Kemudian sub terminal ini diintegrasikan ke Terminal dengan menggunakan kabel BCC/
NYY 15 mm.
3. Untuk mengamankan tegangan lebih dari jaringan listrik, anda bisa menambah arester di
sistim instalasi listrik , dimana arester kemudian di hubungkan ke terminal grounding
dengan menngunakan kabel BC/NYY ukuran 15 mm.
4. Terminal adalah pusat yang menghubungkan beberapa kabel sebelum diteruskan ke
pembumian / pentanahan. Bahan terminal dapat menggunakan plat tembaga dengan ukuran
10 x 30 cm.Terminal bisa dibuatkan diluar bangunan rumah dengan menempatkannya di
sebuah bak kontrol. Kemudian terminal dihubungkan ke sistim pembumian dengan
menggunakan kabel BC ukuran 50 mm.
5. Sebagaimana persyaratan dalam pentanahan dimana dianjurkan nilai tahanan sitim
pembumian adalah dibawah 3 ohm untuk kemanan barang-barang elektronik . Pada
dasarnya untuk sistim pembumian yang bagus adalah berhubungan dengan tanah dimana
pipa dipasangkan, dimana kekedapan tanah yang tinggi adalah tempat yang paling bagus
untuk mendapatkan nilai tahanan pembumian yang rendah. Dianjurkan tidak menanam
pipa didaerah berpasir ataupun berbatu, karena biasanya nilai tahanan pembumian akan
semakin tinggi.
6. Untuk mendapatkan hasil yang maksimal anda bisa menambahkan beberapa pipa tembaga
yang saling terintegarasi. Atau cara lain bisa dilakukan dengan menanam pipa dalam
hingga lebih dari 20 m. Bilamana nilai tersebut tidak dapat dicapai, sitim pembumian dapat
ditambahkan dengan memasangkan cooper plate yang ditanamkan bersamaan dengan
bentonite.
Gambar :
BAB III
KESIMPULAN

Gedung-gedung bertingkat sangat penting untuk di beri proteksi penangkal petir, karena
petir terjadi akibat adanya perpindahan muatan elektron dan muatan proton, dan biasanya
terjadi antara muatan yang ada di awan dengan muatan yang ada di bumi. Gedung-gedung
yang tinggi mengandung salah satu muatan tersebut, Oleh sebab itu bangunan yang tinggi
lebih cenderung mudah tersambar petir.

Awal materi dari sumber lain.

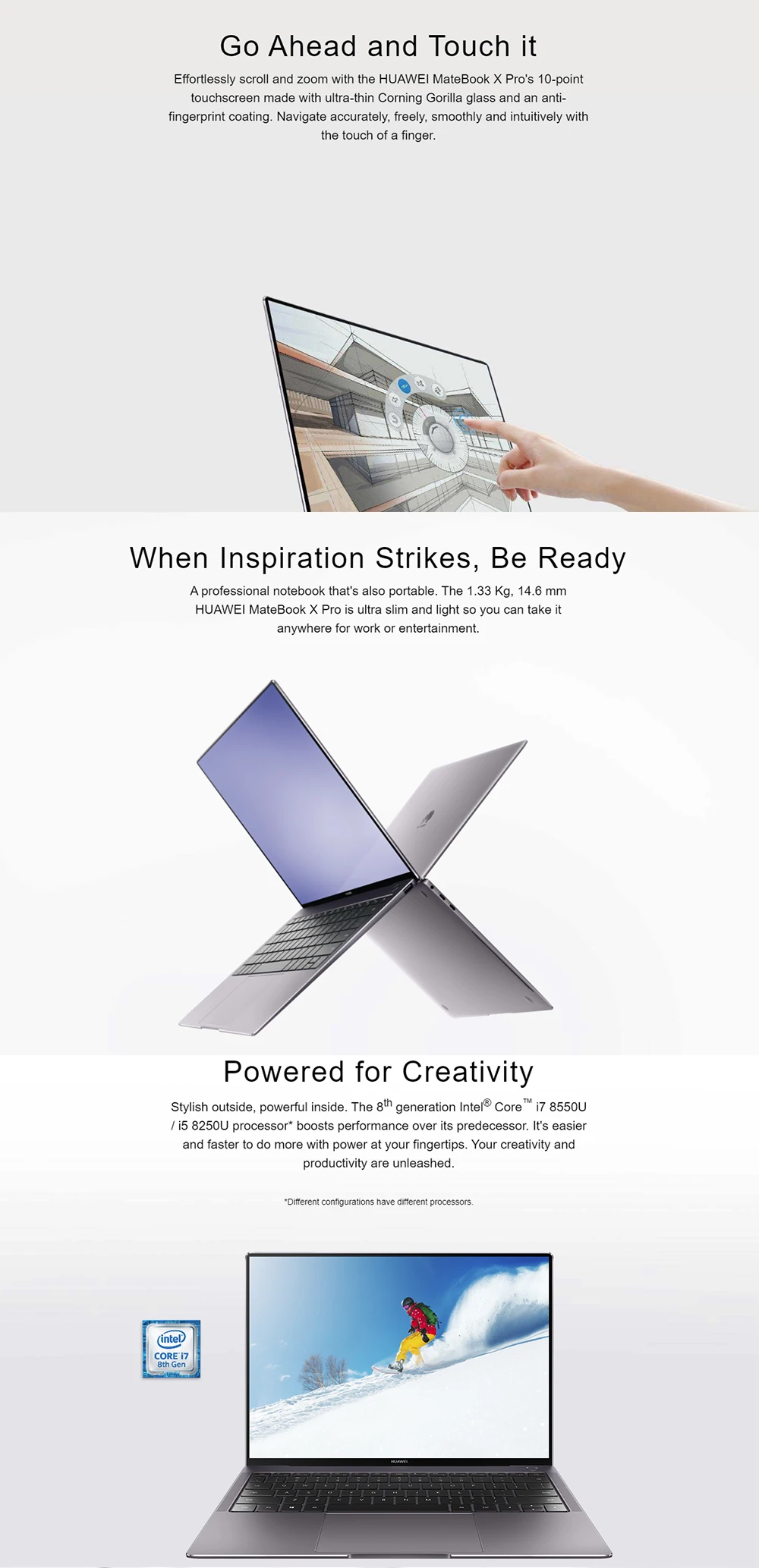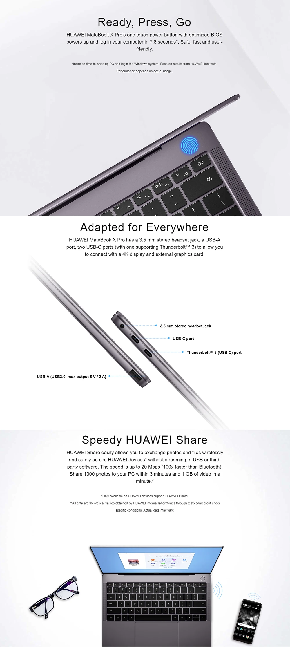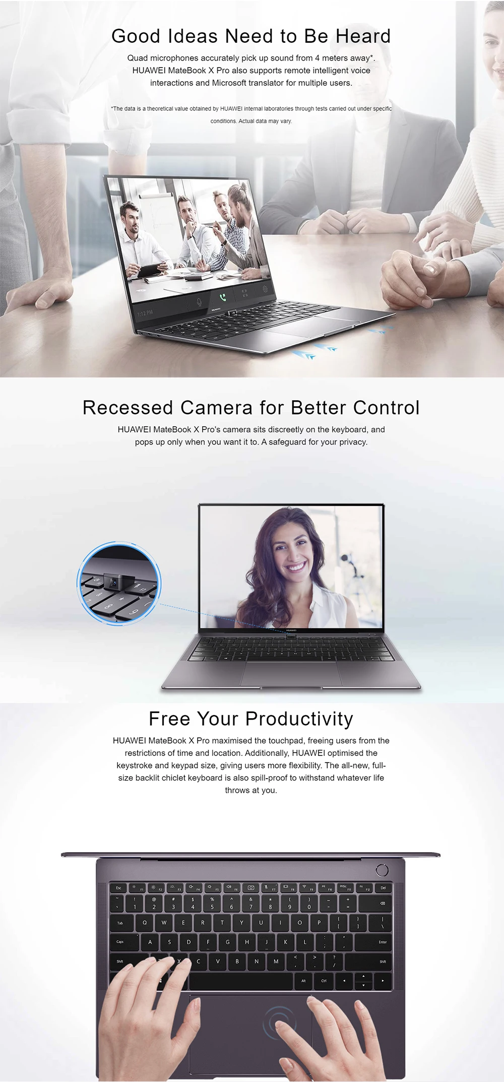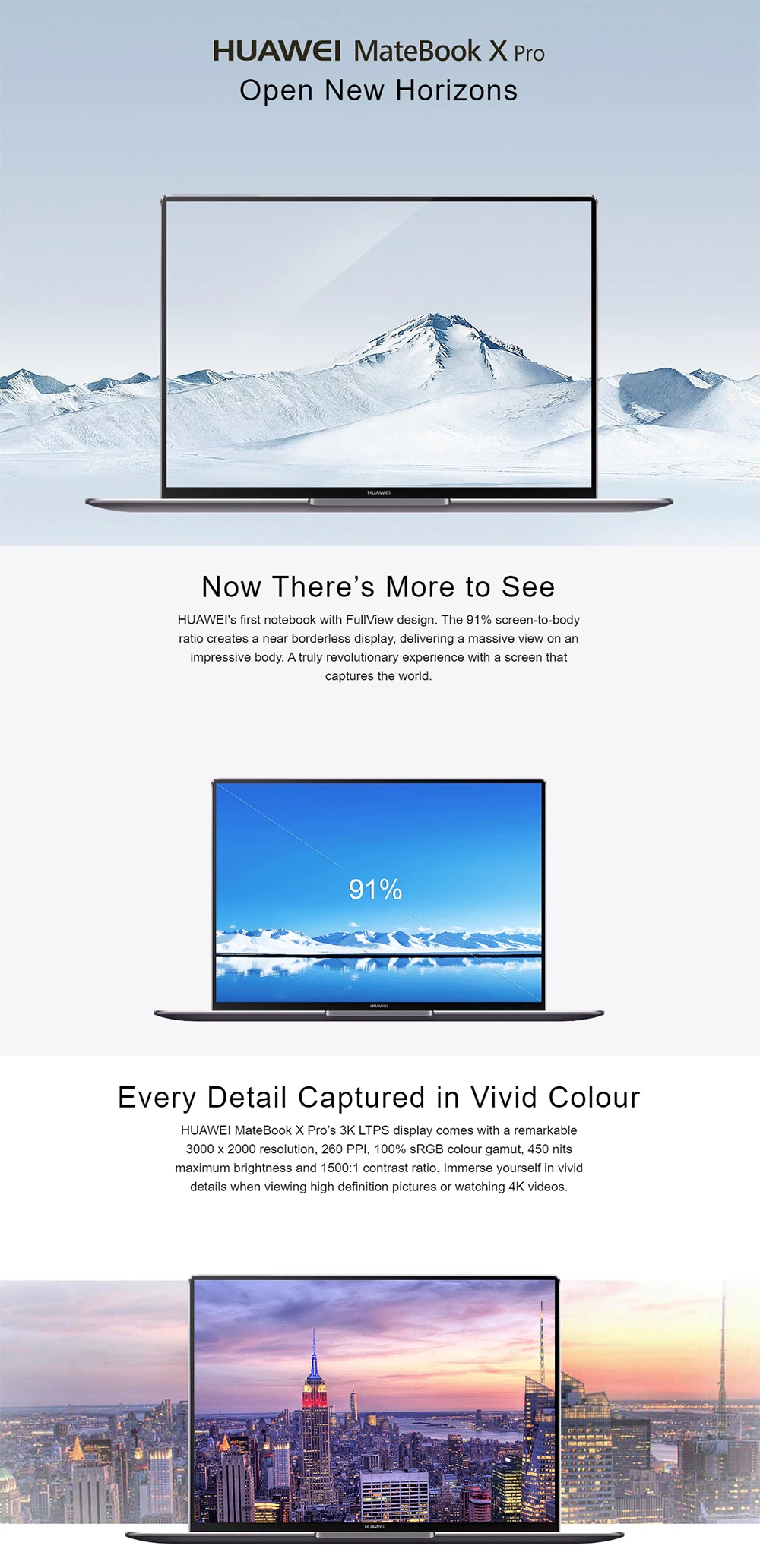| Portátil Huawei MateBook X Pro 2019 de 13,9 pulgadas i5 8GB 512GB pantalla independiente 3K pantalla táctil completa portátil delgada y ligera |
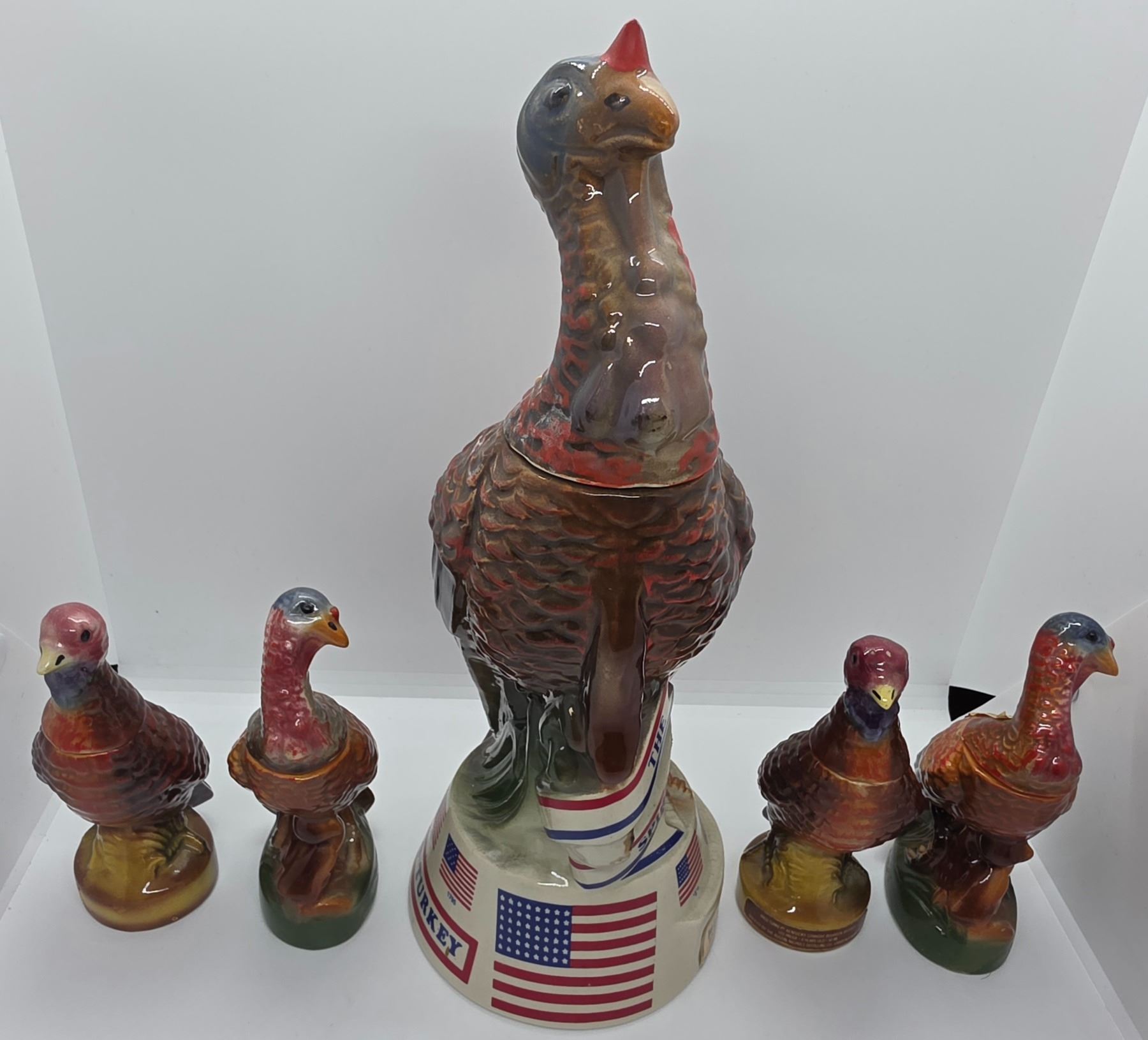 Rare Set of Vintage Wild Turkey Full Size & 4 Mini Decanters - Mini Decanters are #1-4 in the series

Pada dasarnya proteksi perlindungan penangkal petir
dipasang untuk melindungi struktur bangunan atau fisik maupun melindungi peralatan pada
bangunan tersbut. "SEVEN POINT PLAN" merupaka metode perencanaan pemasangan
proteksi penangkal petir. Tujuan dari "SEVEN POINT PLAN" adalah menyiapkan sebuah
perlindungan efective dan dapat di andalkan terhadap serangan petir, "Seven Point Plan'
tersebut meliputi :
1. Menangkap Petir
2. Menyalurkan Arus Petir
3. Menampung Petir
4. Proteksi Grounding Sistem
5. Proteksi Jalur Power Listrik
6. Proteksi Jalur PABX
7. Proteksi Jalur Elektronik
Dan untuk wilayah yang diamankan penangkal petir luas radius proteksi ditentukan
berdasarkan hitungan yang terdapat di dalam standard yang berlaku dan luas radius proteksi
setiap lokasi berbeda-beda meskipun dengan air teminal yang sama karena perbedaan tingkat
proteksi yang dihitung dari faktor resiko sambaran petir.